(Beginning of Information supplied)

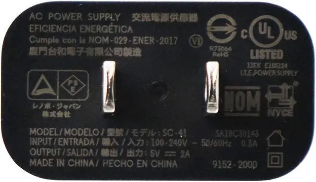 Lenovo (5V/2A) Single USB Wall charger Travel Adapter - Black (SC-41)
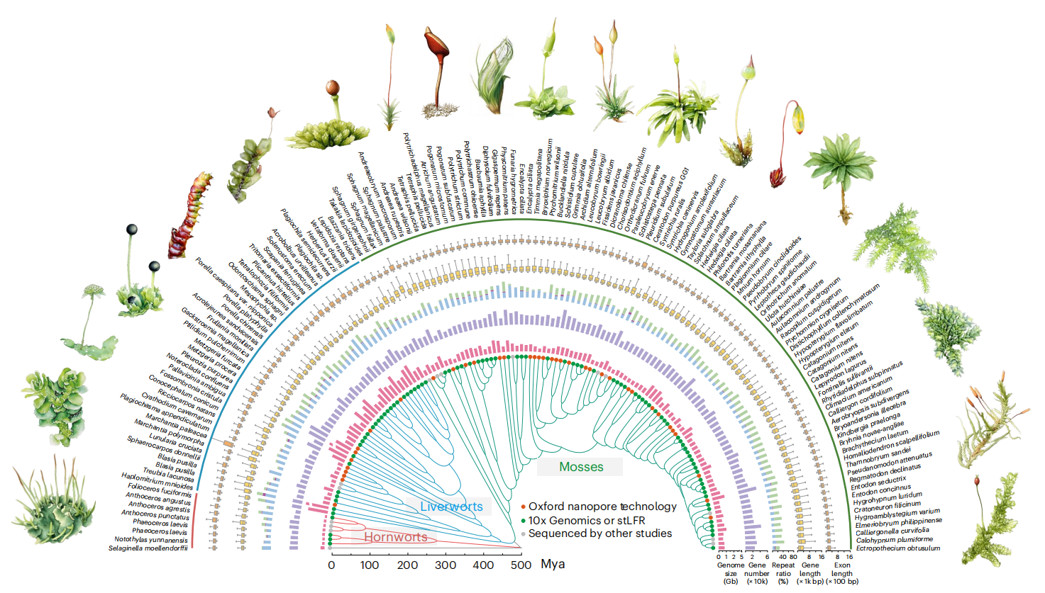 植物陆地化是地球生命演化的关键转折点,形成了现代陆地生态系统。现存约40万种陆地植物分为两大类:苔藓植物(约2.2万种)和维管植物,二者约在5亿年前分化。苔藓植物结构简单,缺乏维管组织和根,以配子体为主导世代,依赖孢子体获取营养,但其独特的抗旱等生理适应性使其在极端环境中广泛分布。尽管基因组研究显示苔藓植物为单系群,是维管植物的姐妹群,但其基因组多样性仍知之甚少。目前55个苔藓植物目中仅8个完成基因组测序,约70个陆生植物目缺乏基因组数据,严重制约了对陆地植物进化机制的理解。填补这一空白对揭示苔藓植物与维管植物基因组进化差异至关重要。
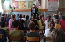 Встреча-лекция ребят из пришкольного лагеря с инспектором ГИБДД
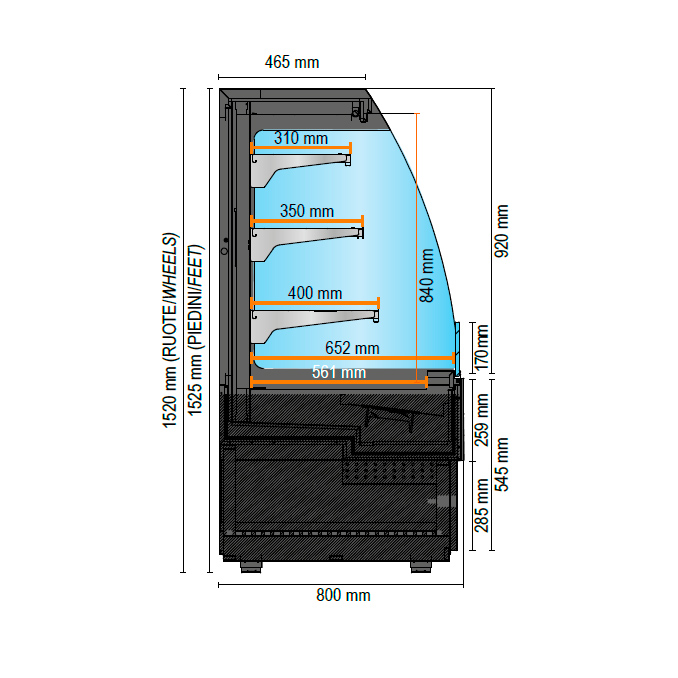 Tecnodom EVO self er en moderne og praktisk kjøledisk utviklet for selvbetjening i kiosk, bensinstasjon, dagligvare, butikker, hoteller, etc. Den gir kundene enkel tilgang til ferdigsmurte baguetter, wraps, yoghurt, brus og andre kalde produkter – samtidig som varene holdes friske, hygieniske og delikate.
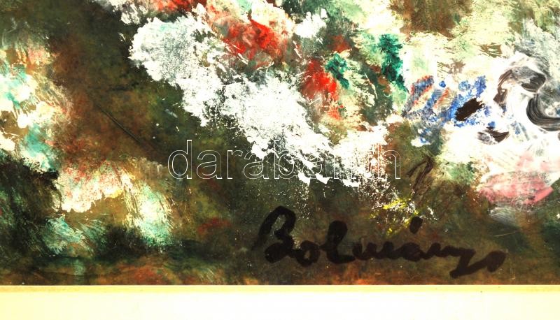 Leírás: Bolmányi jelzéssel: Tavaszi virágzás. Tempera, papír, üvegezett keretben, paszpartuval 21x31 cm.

(End of Information supplied)

What is being asked:
Transcribe the entries above exactly, from their first line through the line with "Tecnodom EVO self", and omit all pictures.

Result of this task:
 Lenovo (5V/2A) Single USB Wall charger Travel Adapter - Black (SC-41)
 植物陆地化是地球生命演化的关键转折点,形成了现代陆地生态系统。现存约40万种陆地植物分为两大类:苔藓植物(约2.2万种)和维管植物,二者约在5亿年前分化。苔藓植物结构简单,缺乏维管组织和根,以配子体为主导世代,依赖孢子体获取营养,但其独特的抗旱等生理适应性使其在极端环境中广泛分布。尽管基因组研究显示苔藓植物为单系群,是维管植物的姐妹群,但其基因组多样性仍知之甚少。目前55个苔藓植物目中仅8个完成基因组测序,约70个陆生植物目缺乏基因组数据,严重制约了对陆地植物进化机制的理解。填补这一空白对揭示苔藓植物与维管植物基因组进化差异至关重要。
 Встреча-лекция ребят из пришкольного лагеря с инспектором ГИБДД
 Tecnodom EVO self er en moderne og praktisk kjøledisk utviklet for selvbetjening i kiosk, bensinstasjon, dagligvare, butikker, hoteller, etc. Den gir kundene enkel tilgang til ferdigsmurte baguetter, wraps, yoghurt, brus og andre kalde produkter – samtidig som varene holdes friske, hygieniske og delikate.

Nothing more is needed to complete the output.